Modifier 52: Reduced Services
Let’s say Dr. Smith had already successfully performed electrical stimulation to aid bone healing on one femur of John. For another reason (that may be due to a second accident or surgery) John needed the same procedure done on the opposite femur. In this case, we might think about reporting only half the fee by using Modifier 52 - Reduced Services. We would use it if only part of the procedure (e.g., a procedure performed on one side, not on the other) was performed, because CPT code 20975 is designed for both sides.
Now, imagine that a different provider wanted to perform John's other procedure, but during the process, it was clear to the doctor that John could not handle the stress of the procedure. For whatever medical reason, the doctor chose to discontinue the procedure before it was completely finished. In this scenario, we would add Modifier 53 - Discontinued Procedure.
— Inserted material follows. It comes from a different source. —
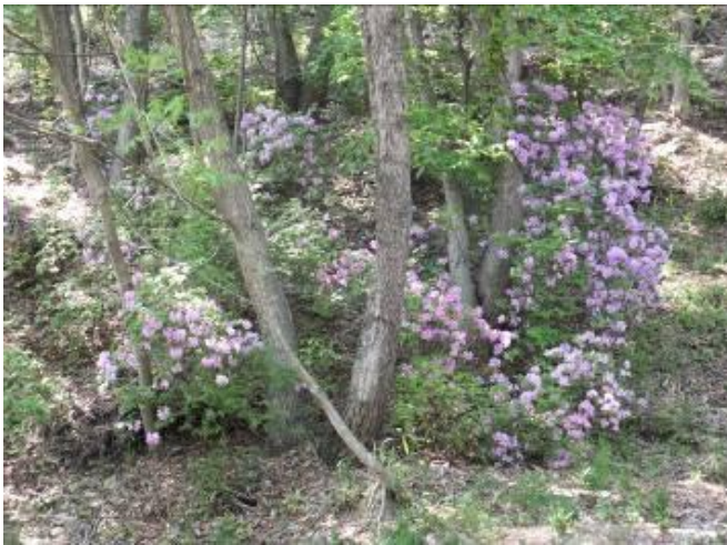
満開のモチツツジ

Modifier 53: Discontinued Procedure
Modifier 53 is a common modifier used for cases where the procedure is discontinued before completion. As a medical coder, this modifier might be very useful in documenting why the provider discontinued the procedure. You would then explain why the procedure was discontinued by writing your reasoning in the patient’s chart or medical records.
It could be something as simple as the patient expressing severe pain, to more serious scenarios, where the patient might suffer from a complication, like a drug reaction. In such a case, the patient’s chart could describe why the procedure had to be discontinued for their safety. Now that the procedure was not completely finished, we should always check with the provider on whether they are planning to continue the procedure later. If so, what code should be used? Will it be the same code as CPT 20975 or a different code for continuation?
The Importance of Staying Updated with CPT Code Changes and Guidelines
It's essential to keep UP to date on CPT codes, guidelines, and changes. As a medical coder, it is our duty to make sure that we always comply with all legal requirements. CPT codes are owned and published by the American Medical Association (AMA), and using them without proper licensing can result in severe legal penalties, including fines and even criminal charges. For this reason, it is imperative for all coders to pay the license fee and abide by all AMA regulations.
Understanding modifiers for CPT code 20975 is critical for accurate coding in musculoskeletal procedures, which ultimately benefits both healthcare providers and patients by facilitating timely and accurate reimbursement.
This article is a simplified example provided by an expert, but CPT codes are proprietary to the American Medical Association and medical coders should always refer to the latest AMA CPT manual for the correct information. Remember that you must purchase a license from AMA to legally use these codes in practice.